Replacing a fatigued technician walking a fixed route with a machine that records the same readings the same way on every pass also addresses a quieter problem in asset integrity, which is the inconsistency of human inspection under pressure, poor light and time constraints.
The North American rollout makes the commercial intent explicit. ExRobotics is introducing the certified ExR-2.5 through MicroWatt as its exclusive distributor, manufacturer and service provider for the region, and chose the Energy Drone and Robotics Summit in Houston to stage the launch. For the construction and infrastructure sector, the relevance extends well beyond traditional oil and gas.
The build-out of hydrogen production, biomethane plants, battery gigafactories, LNG import terminals and modern wastewater treatment is steadily creating new classified hazardous zones, each of which will need inspection and maintenance under the same ignition-source logic. As that infrastructure multiplies, the inspection workforce required to keep it safe is not expanding at the same rate, which is the gap certified robotics is positioned to fill.
Where Compliance Becomes a Competitive Asset
For investors and operators alike, the most durable lesson of this certification is that the moat in hazardous-area robotics is increasingly regulatory rather than purely technical. The engineering of a rugged, sensor-laden inspection robot is difficult but no longer rare, whereas the ability to carry recognised approvals across ATEX, IECEx and now a North American framework is what determines which companies can actually sell at scale.
As the explosion-proof equipment market climbs toward an estimated USD 13.5 billion by the early 2030s, the firms best placed to capture that growth will be those treating certification as a strategic asset to be accumulated deliberately, rather than a cost to be minimised. First-mover status under a new framework such as UL 6260 is, in that light, a commercial position as much as a safety credential.
For policymakers and the standards community, the certification points to a familiar tension between the speed of industrial automation and the pace of formal rule-making.
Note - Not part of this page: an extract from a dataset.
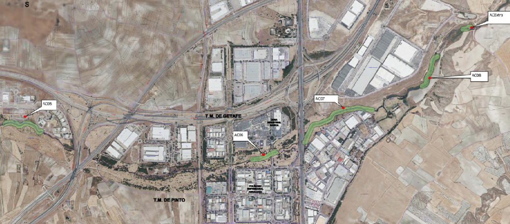 Actuación AC07: se localiza en el tramo situado aguas abajo del viaducto que cruza la autovía A-4, en el que el arroyo Culebro discurre entre el polígono industrial Los Gavilanes (T.M. Getafe) en la margen izquierda y el polígono industrial Arenas de Pinto (T.M. Pinto) en la margen derecha. Debido al estado actual de los taludes de la margen derecha y su proximidad con el polígono industrial, resulta necesario realizar alguna actuación. Este tramo tiene una característica peculiar, que es que el margen derecho tiene más altura que el margen izquierdo muy probablemente debido al relleno y/o acopio de materiales en esa zona. Teniendo en cuenta lo anterior, se propone resolver los problemas erosivos con dos encauzamientos al inicio y final del tramo, con un subtramo entre los encauzamientos con refuerzo de gaviones en márgenes, corrigiendo a su vez la pendiente del talud y revegetando el mismo.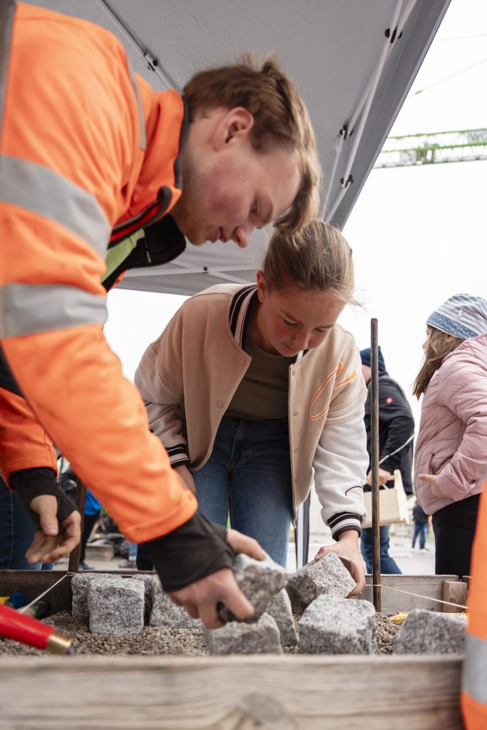 Geboten war für jeden etwas: An sieben Ausbildungs-Stationen konnten sich Schülerinnen und Schüler über unsere Ausbildungsberufe am Standort Mindelheim informieren und sich hier gleich selbst ausprobieren. Vom Betonieren eines eigenen Betonfertigteils über das Erstellen einer Konstruktionszeichnung erfuhren sie dabei aus erster Hand von unseren aktuellen Azubis, auf was es bei den unterschiedlichen Berufen ankommt. Auch wer sich für große Maschinen interessiert, kam auf seine Kosten. Im Lkw konnte man eine Runde übers Gelände drehen, im Bagger Kies schaufeln und in der firmeneigenen Kfz-Werkstatt unter die Motorhaube von Auto und Radlader gucken. Wer alle Ausbildungsstationen durchlaufen hatte, konnte anschließend an einem Gewinnspiel teilnehmen und tolle Preise gewinnen.

UL 6260 exists as an Outline of Investigation precisely because the technology has outrun the consensus-standard process, and the practical question now is how quickly that framework matures into a fully ratified standard, and whether the major regimes move toward greater harmonisation or leave manufacturers navigating parallel approvals indefinitely. What is no longer in serious doubt is the direction of travel.
The economics of ageing infrastructure, scarce specialist labour and unforgiving downtime costs all push the same way, toward a future in which the routine inspection of the most dangerous places people built is increasingly done by machines that have earned the right to be there.